Most individuals who sleepwalk don’t know that they’ve done so unless someone tells them. During sleepwalking, the sleepwalker’s conscious brain is essentially shut off and he/she has limited awareness. Sleepwalkers tend to engage automatically in activities that are routinely done and are often clumsy in their movements.

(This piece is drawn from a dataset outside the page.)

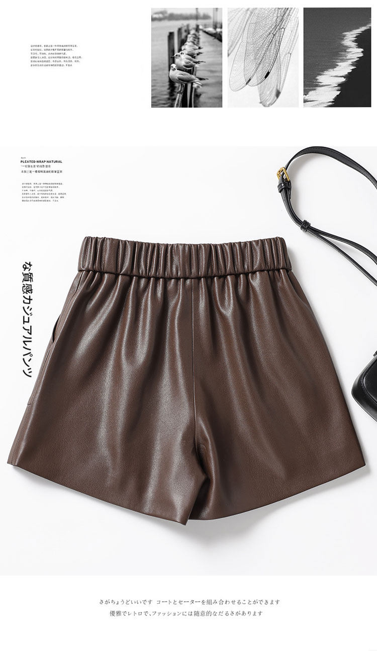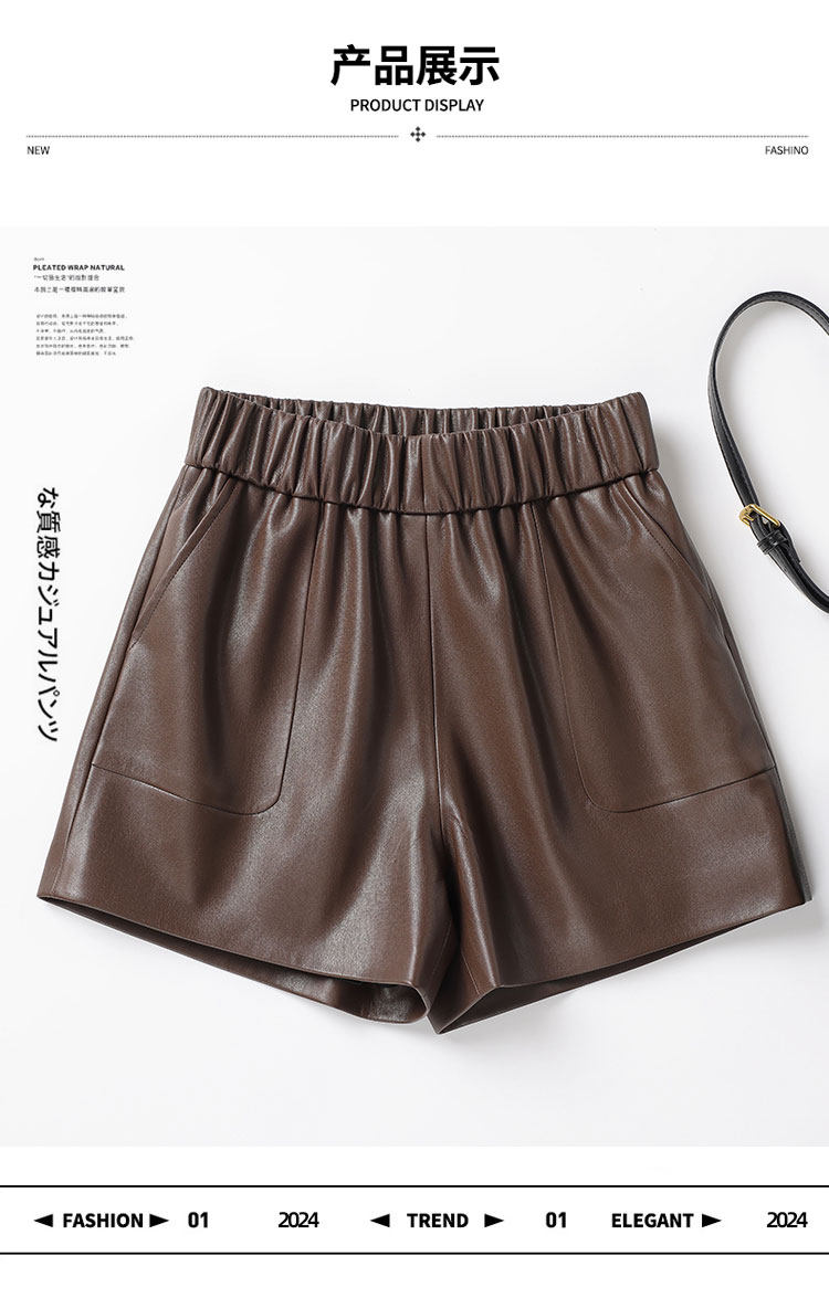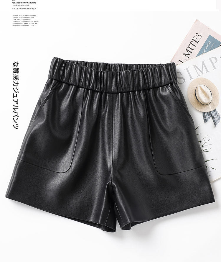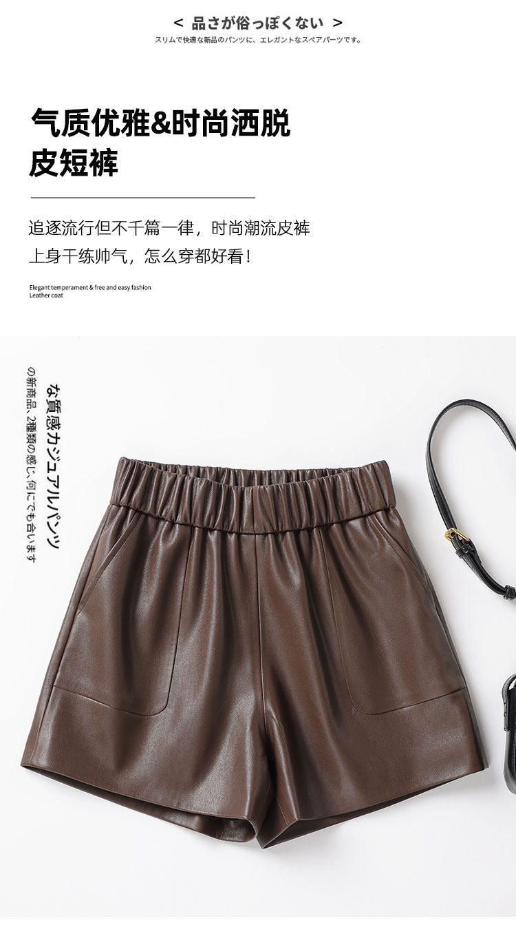 海甯真皮短褲濶腿寬鬆顯瘦羊皮皮短褲2025秋百搭a字綿羊皮女皮褲

If you live alone, you might suspect that something’s amiss if you feel fatigued after what you thought was a good night’s sleep. You might also notice that books or other objects aren’t where you left them. I have talked to people who cook (messily) in their sleep…use a hair dryer…or even run a bath.

DO YOU NEED TREATMENT?

Occasional episodes of sleepwalking are unlikely to be a problem as long as you’re not tripping, falling down stairs, walking into (or through) glass doors, leaving your house or otherwise endangering yourself. If you sleepwalk, do all that you can to keep your environment safe—for example, remove clutter from your floors and use an alarm system or locks. Some sleepwalkers may be able to turn off an alarm or open a lock, but the precaution will likely alert others if you don’t live alone.

If you’re not able to take steps to ensure your safety, see a sleep specialist to make sure that you’re practicing good sleep habits and to rule out medical and psychiatric issues that may be contributing to your sleepwalking.*

WHAT CAN YOU DO?

Because sleepwalking has been strongly linked to sleep deprivation, it’s crucial for sleepwalkers to take steps that allow them to get enough sleep. Sleepwalking episodes might stop once an underlying sleep problem (such as those described earlier) is treated. My ­advice…

Don’t use sleeping pills. Because sleepwalking is a side effect of some newer sleep medications, such as Ambien, this type of drug should be avoided if it is resulting in this problem.

Better approach: The most effective ways to improve sleep naturally include getting exercise during the day (ideally four to six hours before bedtime)…going to bed and getting up at the same times every day…not watching TV or working on a computer in the bedroom…avoiding caffeine within six hours of bedtime…and using heavy curtains or a sleep mask to block out light.

Try cognitive behavior therapy (CBT). If you need even more help improving your sleep, try CBT. This type of therapy helps you change beliefs and behaviors that interfere with your ability to get enough sleep. Research has found CBT to be just as effective as sleep medications. Improvement usually occurs within six sessions. The cost of CBT for sleep issues is often covered by insurance.

Focusing on good sleep habits and adding CBT, if needed, usually improves sleep significantly. If this does not occur, consult your doctor about short-term use of a sedative, such as clonazepam (Klonopin).

HOW TO HELP A SLEEPWALKER

Don’t try to awaken a person who is sleepwalking. Trying to engage a sleepwalker in conversation or otherwise awaken him/her can prolong or worsen the episode.

Best approach: Gently guide the sleepwalker back to bed while calmly and softly saying something like, “It’s bedtime.” The sleepwalker will usually do what you’re asking.

*To find a sleep specialist, consult the American Academy of Sleep Medicine, AASMnet.org.